----- Supplied data -----
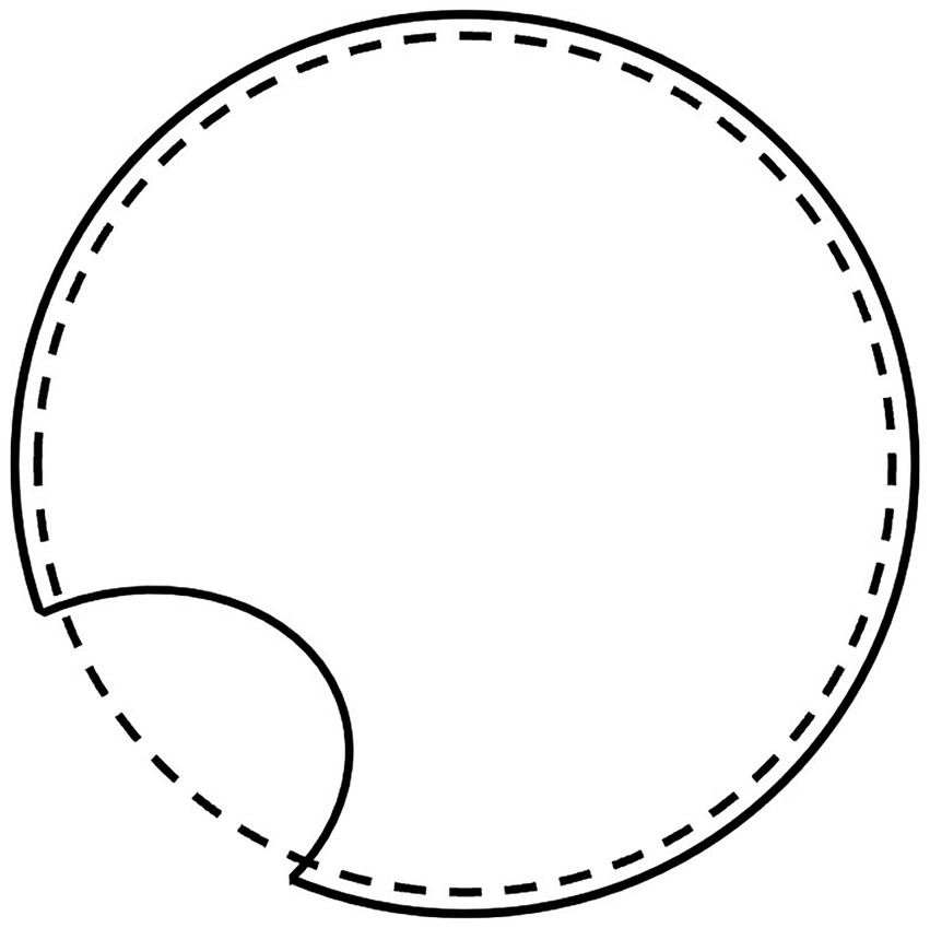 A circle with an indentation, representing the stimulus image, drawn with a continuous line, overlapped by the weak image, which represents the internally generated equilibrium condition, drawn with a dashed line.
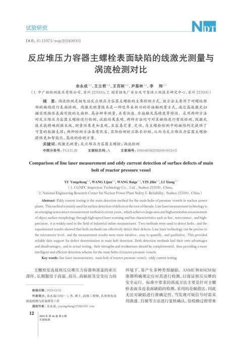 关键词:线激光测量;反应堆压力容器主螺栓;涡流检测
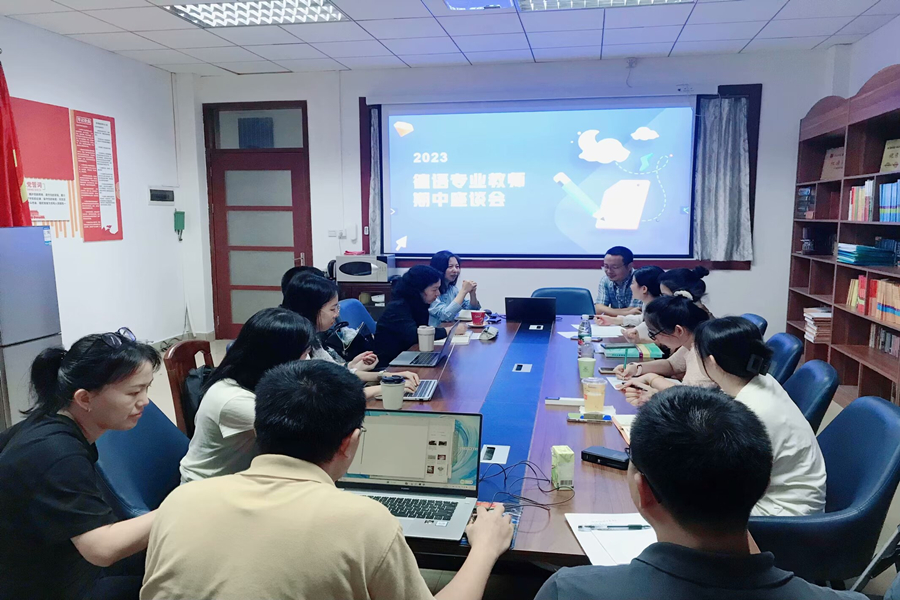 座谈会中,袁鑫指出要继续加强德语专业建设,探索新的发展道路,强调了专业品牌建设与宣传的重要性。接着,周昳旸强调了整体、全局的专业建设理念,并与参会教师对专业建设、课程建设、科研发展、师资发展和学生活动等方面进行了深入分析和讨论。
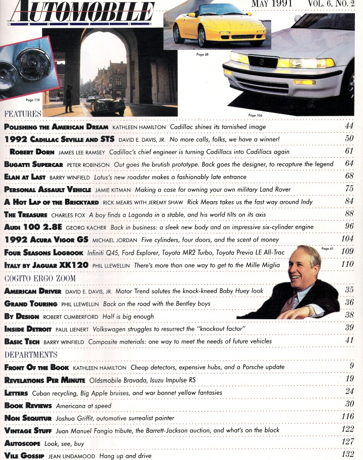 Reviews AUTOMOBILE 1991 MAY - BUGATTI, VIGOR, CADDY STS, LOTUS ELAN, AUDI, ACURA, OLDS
-----
What is needed: Make an exact copy of the lines from the one holding "关键词:线激光测量;反应堆压力容器主螺栓;涡流检测" through the end of the material, both ends included, and keep the pictures out of it.

Response to the exercise:
 关键词:线激光测量;反应堆压力容器主螺栓;涡流检测
 座谈会中,袁鑫指出要继续加强德语专业建设,探索新的发展道路,强调了专业品牌建设与宣传的重要性。接着,周昳旸强调了整体、全局的专业建设理念,并与参会教师对专业建设、课程建设、科研发展、师资发展和学生活动等方面进行了深入分析和讨论。
 Reviews AUTOMOBILE 1991 MAY - BUGATTI, VIGOR, CADDY STS, LOTUS ELAN, AUDI, ACURA, OLDS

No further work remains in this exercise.